Question

Write the slope intercept form of the equation of the line described

through (-4,-5) perpendicular to y=-2x+5
steps please but not too long though

Answer 1

• y=-2x+5

Compare to slope intercept form y=mx+b

• Slope=m=-2

Slope of the Perpendicular line 1/2

• Passing through (-4,-5)

Equation in point slope form

`\\ \rm\rightarrowtail y+5=1/2(x+4)`

`\\ \rm\rightarrowtail y=1/2x+2-5`

`\\ \rm\rightarrowtail y=1/2x-3`

Answer 2

`\sf y=\frac12x-3`

Explanation:

If two lines are perpendicular, the product of their slopes is -1.
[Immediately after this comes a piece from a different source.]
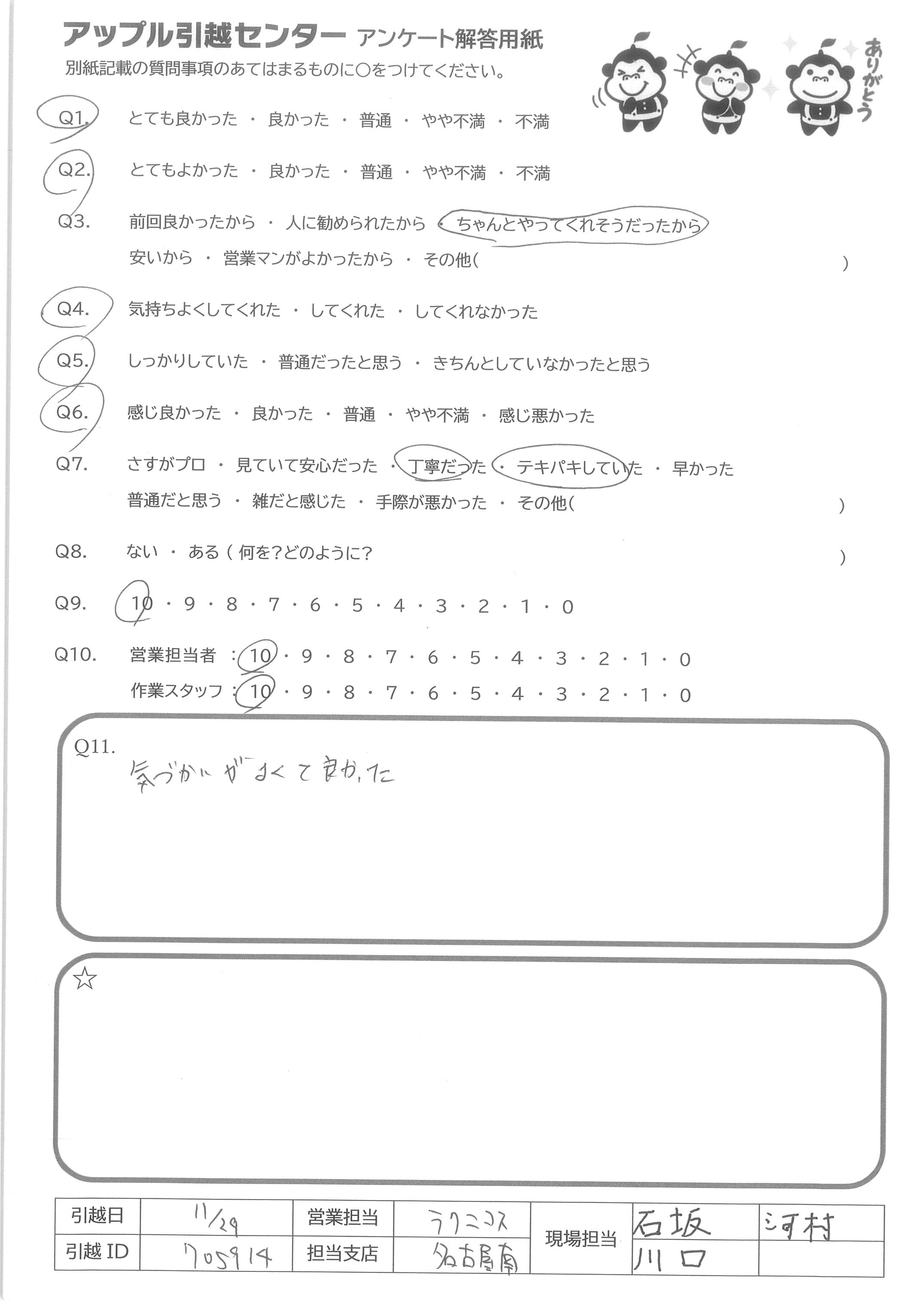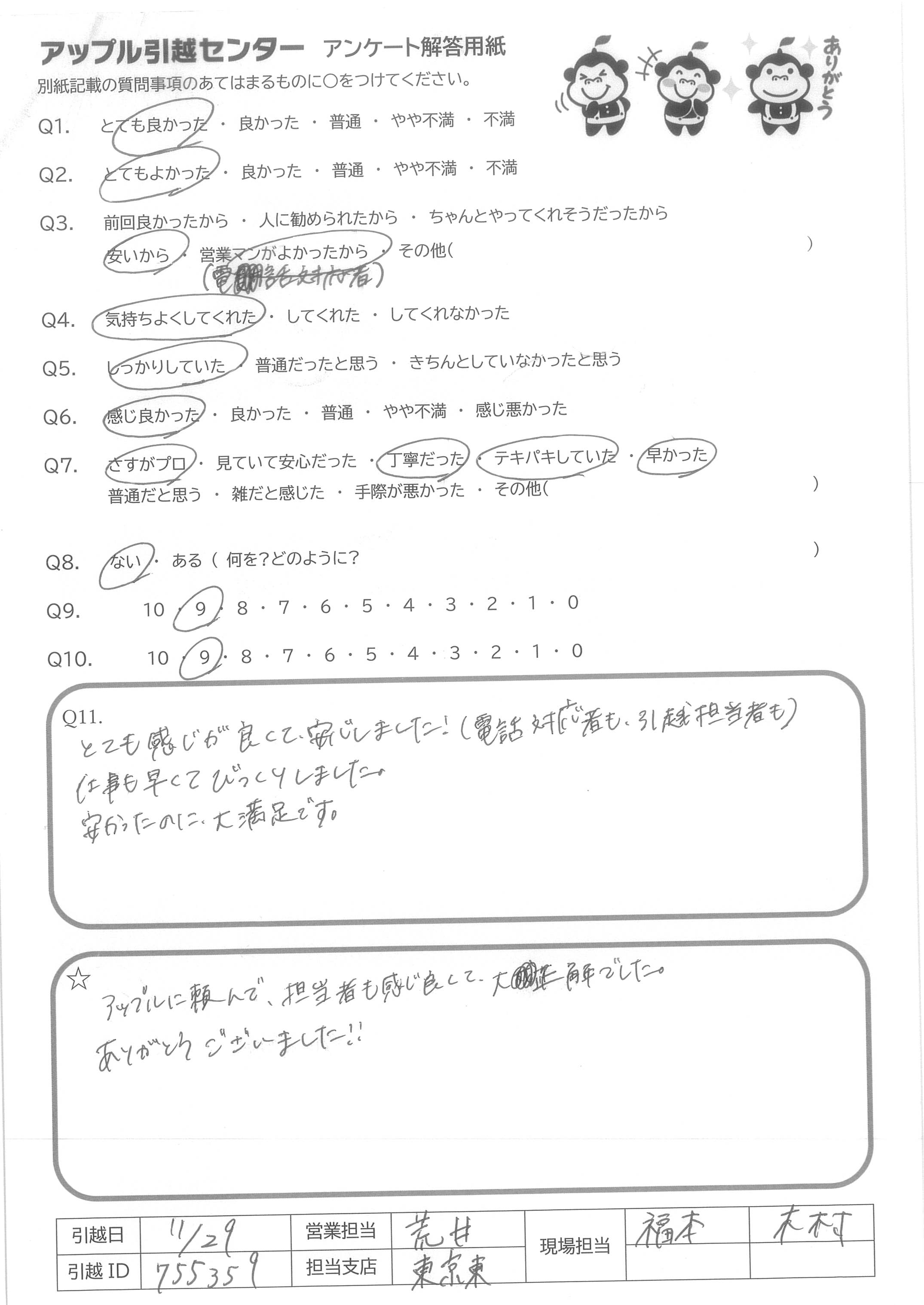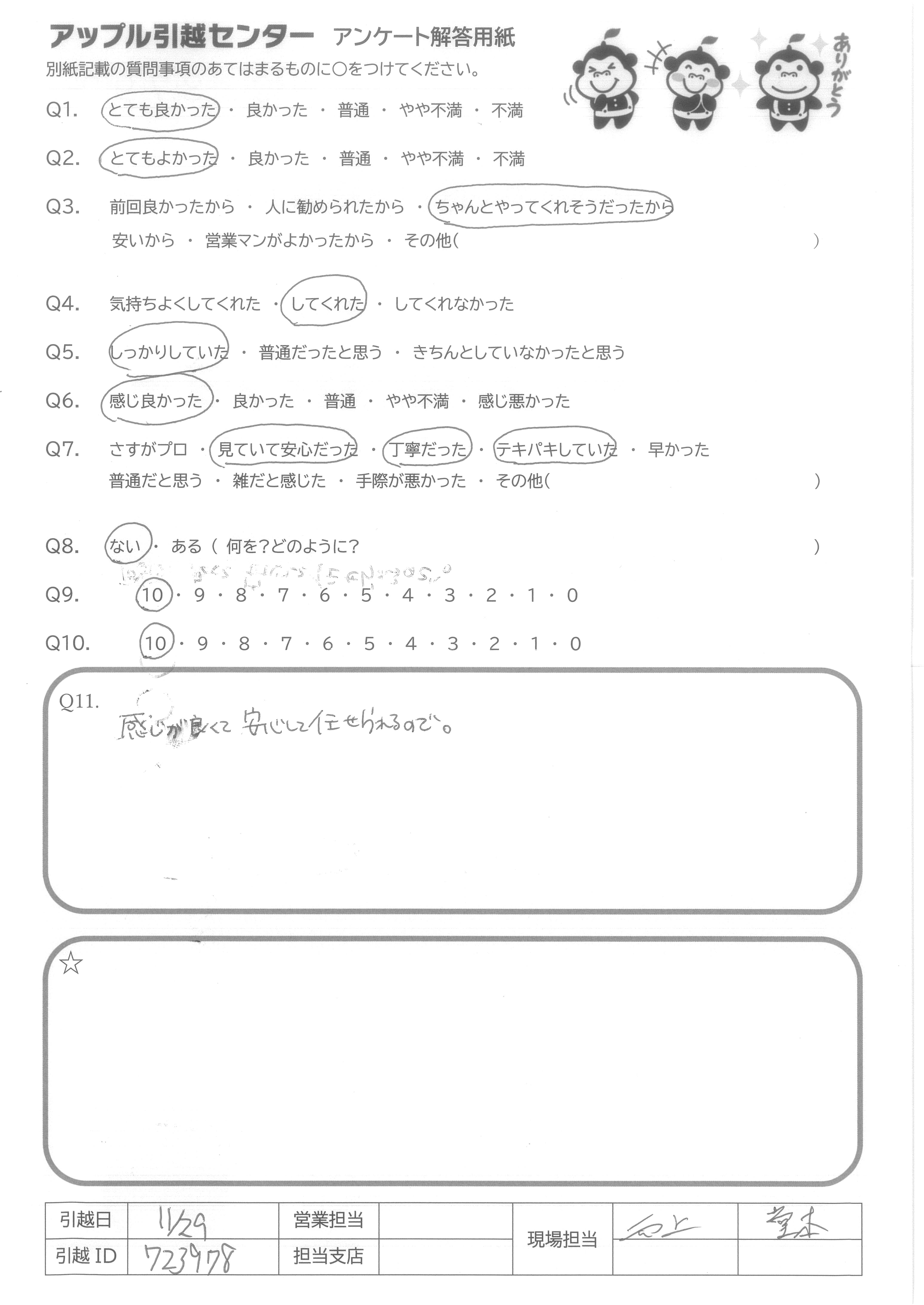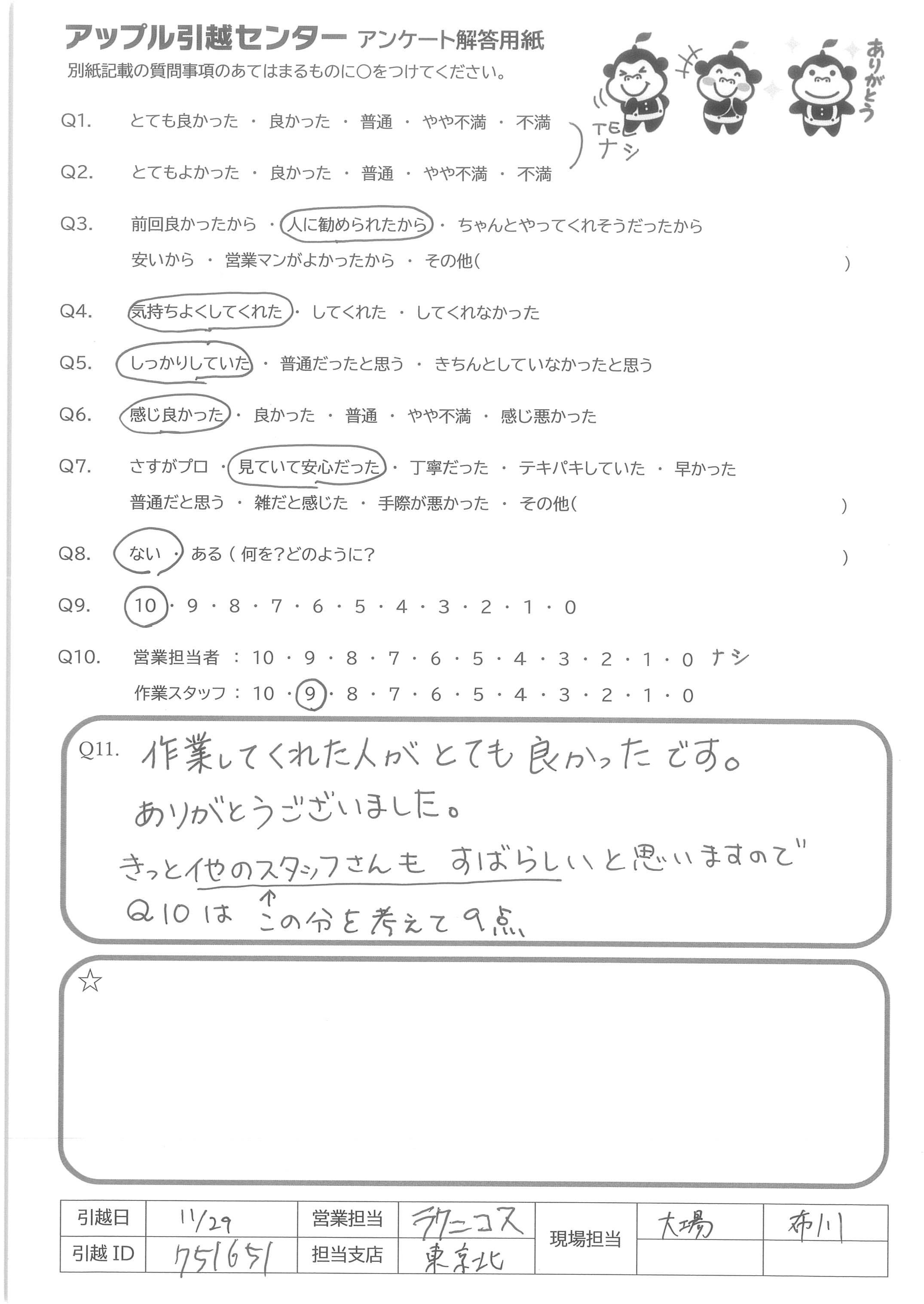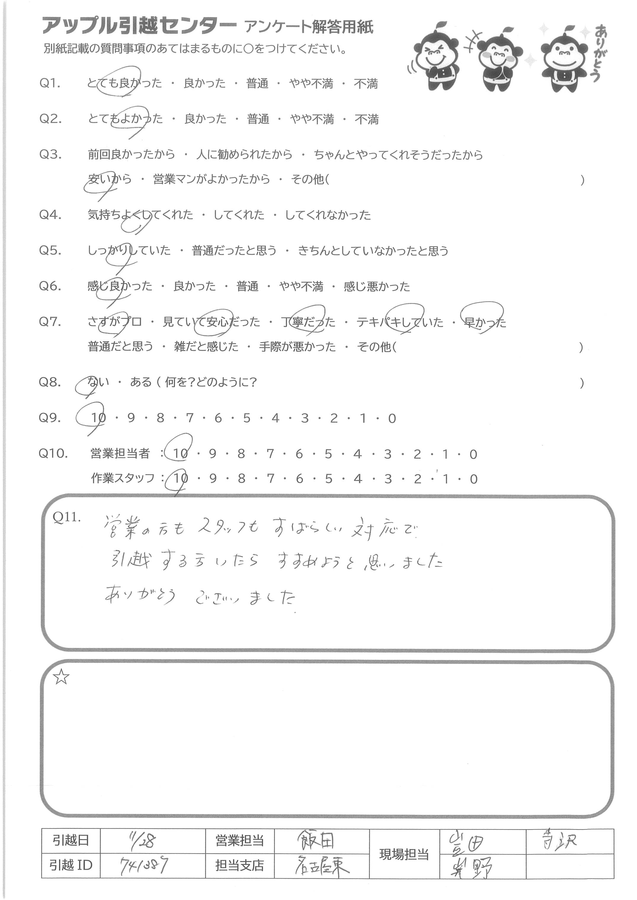 A.先日は朝早くからの作業ありがとうございました 今回初めて利用させていただきましたが、大変満足しております 電話対応していただいた方も、現場で作業していただいた方も みなさん感じが良かったです 話し方も丁寧ですし、作業も細かいところまで 気を使っていただいて、とてもうれしく思っております 過去に何度か引越してますがアップルさんが今までで1番良かったです また、引越する時はお願いしたいですし、周りで引越する人が いたらすすめますありがとうございました。

The slope of the given equation is -2, so the slope of the line perpendicular to it is
`\sf \frac12` as
`\sf -2 * \frac12=-1`

Point-slope formula:
`\sf y-y_1=m(x-x_1)`

(where m is the slope and
`\sf (x_1,y_1)` is a point on the line)

Given:

• 
  `\sf m=\frac12`

• 
  `\sf (x_1,y_1)=(-4,-5)`

Substitute the given values into the formula:

`\sf \implies y-(-5)=\frac12(x-(-4))`

`\sf \implies y+5=\frac12x+2`

`\sf \implies y=\frac12x-3`